Пыёлдин потряс кулаком в воздухе и неповторимой своей походкой, полуприсев, двинулся к кабинету Цернцица. За ним, едва касаясь ногами ковра, паря над ним, пошла Анжелика. И пока не скрылась за дверью, головы и заложников, и террористов с одинаковой скоростью поворачивались вслед за ней, и в глазах у каждого была безнадежность, полная безнадежность. Все вдруг осознавали ясно и твердо, что, когда мимо, мимо проходит такая женщина, жизнь можно считать неудавшейся, сломанной, а то и просто бессмысленной. И должно было пройти не менее часа, двух, прежде чем к людям возвращалась здравость мышления, а в глазах появлялся какой-то слабый, зарождающийся интерес к жизни.

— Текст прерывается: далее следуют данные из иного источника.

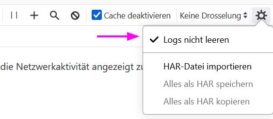 Klicken Sie auf das Zahnrad. Wählen Sie die optionale Option Logs nicht leeren an. Somit verhindern Sie, dass das Log geleert wird, wenn sie eine neue Seite besuchen. Dies macht Sinn, wenn Sie Probleme auf mehreren Seiten analysieren wollen.

Анжелика, казалось, не видела ничего этого, не замечала. Но это только казалось. Все она видела, все замечала. И улыбалась, и светилась изнутри внутренним светом. На всех, кто оказывался рядом, падали от нее отблески, радужные блики, солнечные зайчики. И самые, казалось бы, навеки погасшие, серые и бездарные ощущали вдруг в себе волнение, тревогу, способность к чему-то достойному…
Впрочем, и это проходило.
Невозможно слишком долго питаться чужим волнением, чужой тревогой, чужой любовью…
Это печально, но это так. Свою кровь сжигай, свою голову клади на плаху жизни, свое невосполнимое время бросай в топку любви — вот тогда и тебе воздается.
Если воздается.
Цернциц сидел за своим столом, держа на весу телефонную трубку, бешено вращал глазами и при этом еще умудрялся потрясать кулаком.
— Что-нибудь случилось? — спросил Пыёлдин.
— Где тебя носит?! — шепотом заорал Цернциц. — Президент на проводе.
— На чем-чем?
— Говори! — Цернциц протянул трубку. — Хохмить потом будешь, когда получишь свою поганую амнистию!
Пыёлдин взял трубку, повертел ее перед глазами, словно бы удивляясь непривычному предмету, поднес к уху, послушал, не доносится ли оттуда каких звуков.
— Алле! — Слово это получилось у него громче, чем следовало, и уже по этому можно было догадаться о его волнении. Он сел в кресло, закинул ногу на ногу, подмигнул Анжелике, которая расположилась рядом. Этими несложными движениями он старался придать себе уверенности. — Пыёлдин слушает, — сказал он несколько игриво. — С кем говорю?
— С президентом говоришь, — прозвучал в трубку грубоватый, напористый голос. Да, на том конце провода действительно был президент, всемогущий Боб-Шмоб, и у Пыёлдина на этот счет сразу отпали всякие сомнения, если таковые и были. И едва он услышал этот голос, как сразу успокоился, более того, появилось желание дерзить и говорить непристойности.